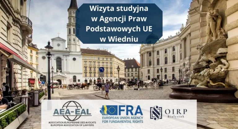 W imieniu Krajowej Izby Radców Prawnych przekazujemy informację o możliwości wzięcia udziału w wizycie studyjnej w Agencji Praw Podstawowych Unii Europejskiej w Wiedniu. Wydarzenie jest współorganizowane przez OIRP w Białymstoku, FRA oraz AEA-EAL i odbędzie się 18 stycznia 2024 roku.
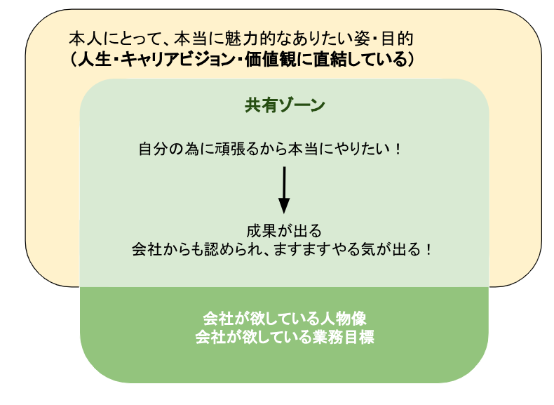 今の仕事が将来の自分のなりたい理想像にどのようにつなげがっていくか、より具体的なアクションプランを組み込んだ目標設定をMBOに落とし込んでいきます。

--

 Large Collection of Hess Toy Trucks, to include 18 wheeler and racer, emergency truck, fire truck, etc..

Problem details:
Copy exactly the part of the material above that opens with the line containing "W imieniu Krajowej" and closes with the line containing "今の仕事が将来の自分のなりた", ends included. Drop the images.

Response box:
 W imieniu Krajowej Izby Radców Prawnych przekazujemy informację o możliwości wzięcia udziału w wizycie studyjnej w Agencji Praw Podstawowych Unii Europejskiej w Wiedniu. Wydarzenie jest współorganizowane przez OIRP w Białymstoku, FRA oraz AEA-EAL i odbędzie się 18 stycznia 2024 roku.
 今の仕事が将来の自分のなりたい理想像にどのようにつなげがっていくか、より具体的なアクションプランを組み込んだ目標設定をMBOに落とし込んでいきます。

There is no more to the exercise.